Leave out the pictures and retype, exactly, the lines below from the line with "博雅 2026蜡笔小新正版授权小冰皮大版印花凉席床笠款 大版-睡衣小新" up to and including the line with "Туника выполнена с", nothing more.

═══ Data for analysis

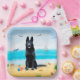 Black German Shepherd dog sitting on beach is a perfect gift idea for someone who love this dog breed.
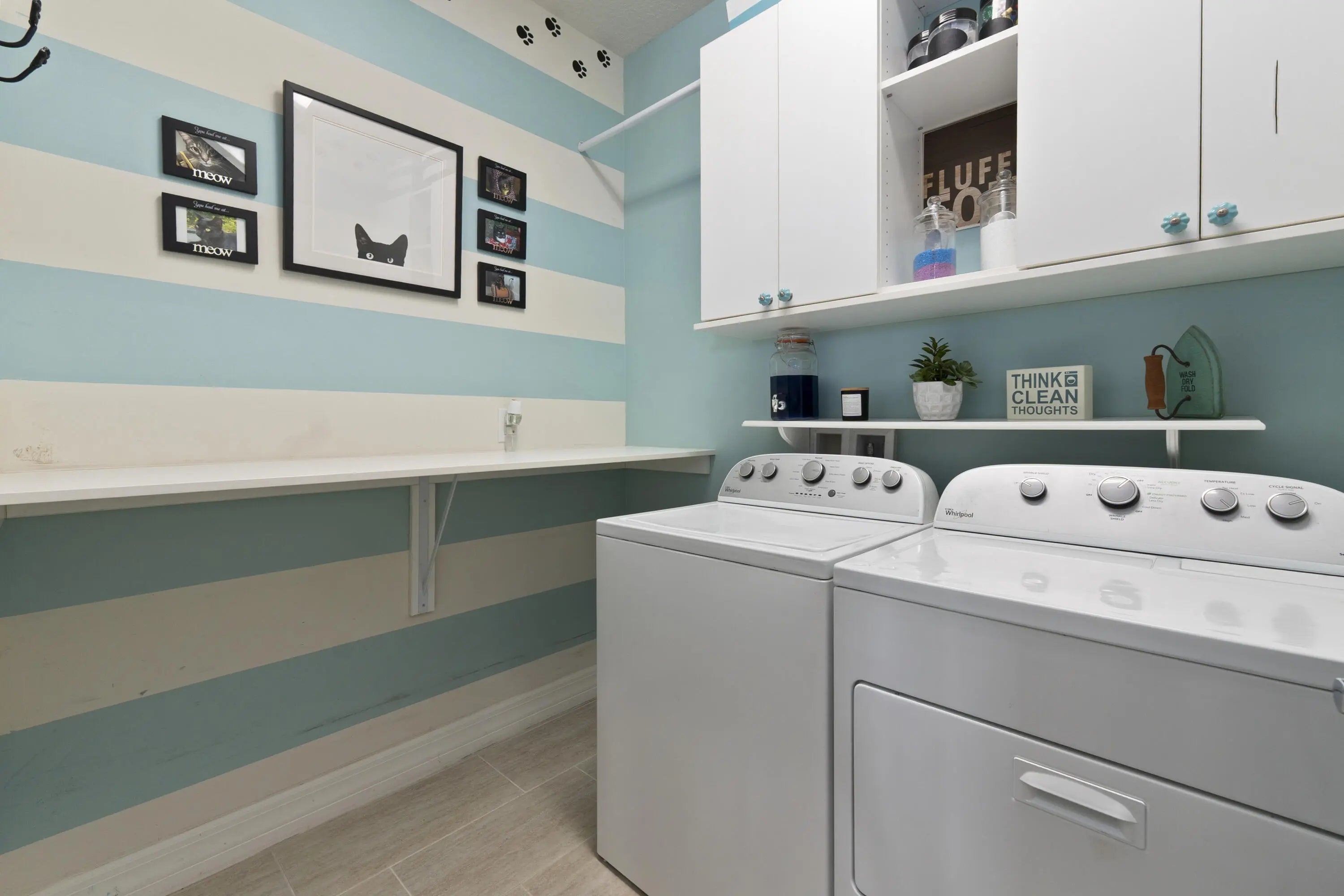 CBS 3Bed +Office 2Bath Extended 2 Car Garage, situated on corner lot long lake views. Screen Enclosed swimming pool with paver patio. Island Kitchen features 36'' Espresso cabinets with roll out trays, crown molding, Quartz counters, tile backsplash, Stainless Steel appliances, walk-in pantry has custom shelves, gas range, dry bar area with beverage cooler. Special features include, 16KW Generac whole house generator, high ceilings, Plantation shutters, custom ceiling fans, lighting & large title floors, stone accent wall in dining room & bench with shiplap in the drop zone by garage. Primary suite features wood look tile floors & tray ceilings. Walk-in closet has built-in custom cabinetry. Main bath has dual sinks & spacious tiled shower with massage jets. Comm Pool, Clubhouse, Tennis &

══════
═══ Data for analysis

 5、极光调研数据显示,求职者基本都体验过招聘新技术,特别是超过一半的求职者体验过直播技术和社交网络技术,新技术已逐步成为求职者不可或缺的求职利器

══════
═══ Data for analysis

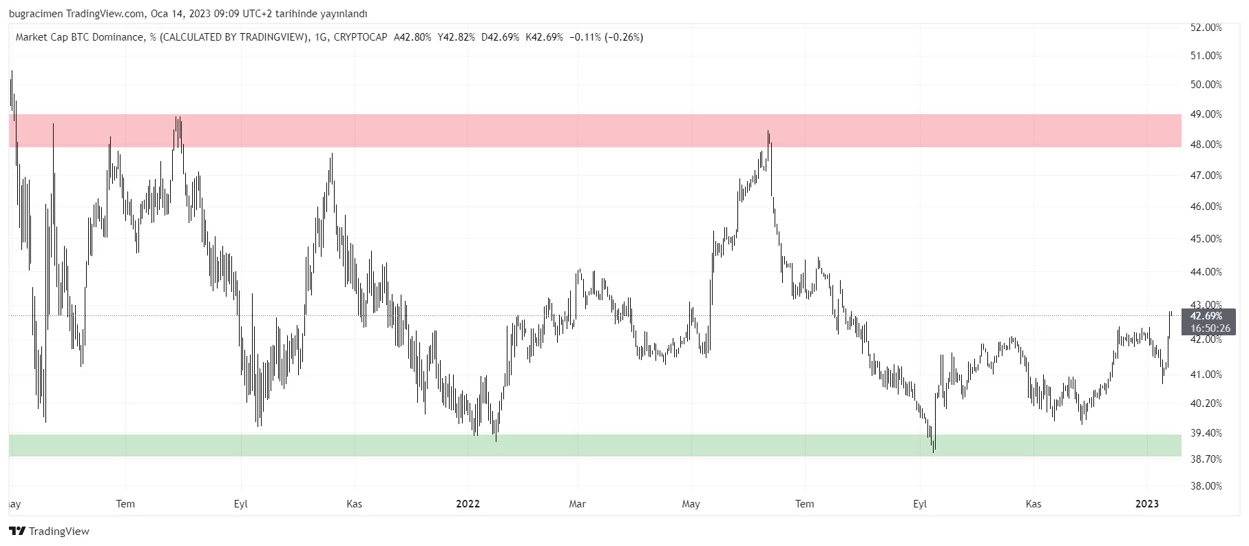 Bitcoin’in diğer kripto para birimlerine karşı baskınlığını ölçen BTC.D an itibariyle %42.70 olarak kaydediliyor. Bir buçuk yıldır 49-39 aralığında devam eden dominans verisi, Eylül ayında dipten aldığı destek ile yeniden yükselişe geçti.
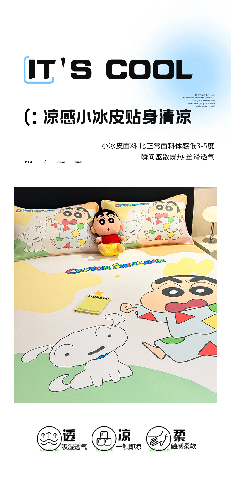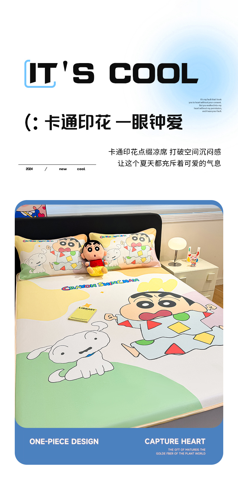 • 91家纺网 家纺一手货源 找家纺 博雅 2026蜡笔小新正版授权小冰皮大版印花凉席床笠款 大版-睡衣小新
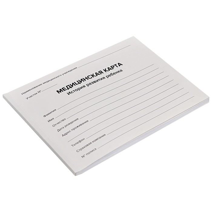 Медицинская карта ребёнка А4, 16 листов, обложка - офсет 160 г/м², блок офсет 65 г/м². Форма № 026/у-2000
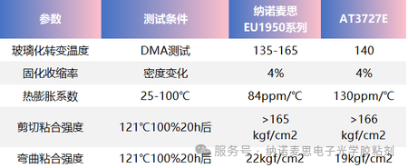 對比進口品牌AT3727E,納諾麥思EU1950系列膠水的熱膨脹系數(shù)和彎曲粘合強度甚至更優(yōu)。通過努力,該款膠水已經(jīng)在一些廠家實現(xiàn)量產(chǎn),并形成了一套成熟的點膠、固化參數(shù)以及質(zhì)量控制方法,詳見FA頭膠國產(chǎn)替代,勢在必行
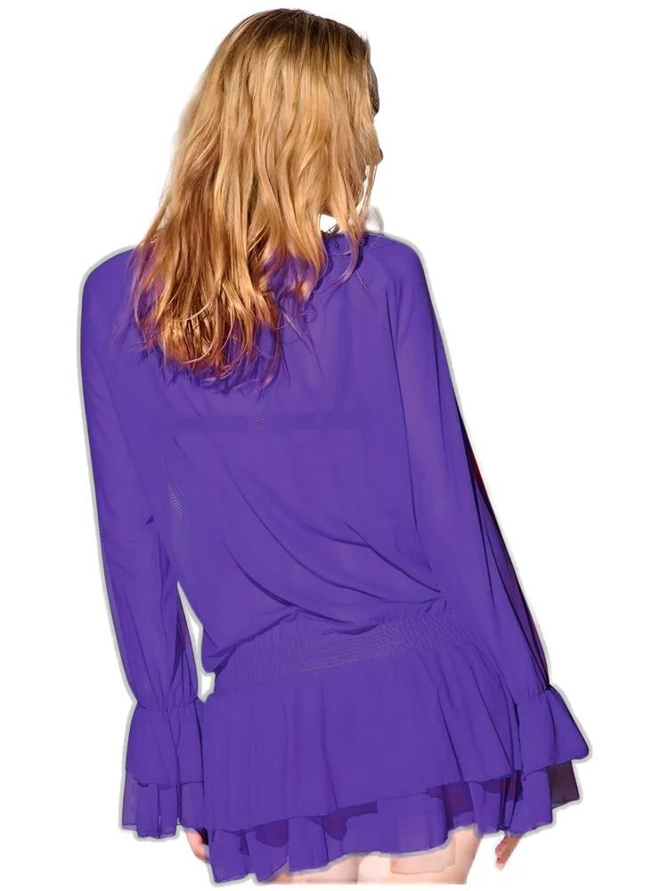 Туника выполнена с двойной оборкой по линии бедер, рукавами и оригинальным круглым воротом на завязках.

══════

Answer to this problem —
 • 91家纺网 家纺一手货源 找家纺 博雅 2026蜡笔小新正版授权小冰皮大版印花凉席床笠款 大版-睡衣小新
 Медицинская карта ребёнка А4, 16 листов, обложка - офсет 160 г/м², блок офсет 65 г/м². Форма № 026/у-2000
 對比進口品牌AT3727E,納諾麥思EU1950系列膠水的熱膨脹系數(shù)和彎曲粘合強度甚至更優(yōu)。通過努力,該款膠水已經(jīng)在一些廠家實現(xiàn)量產(chǎn),并形成了一套成熟的點膠、固化參數(shù)以及質(zhì)量控制方法,詳見FA頭膠國產(chǎn)替代,勢在必行
 Туника выполнена с двойной оборкой по линии бедер, рукавами и оригинальным круглым воротом на завязках.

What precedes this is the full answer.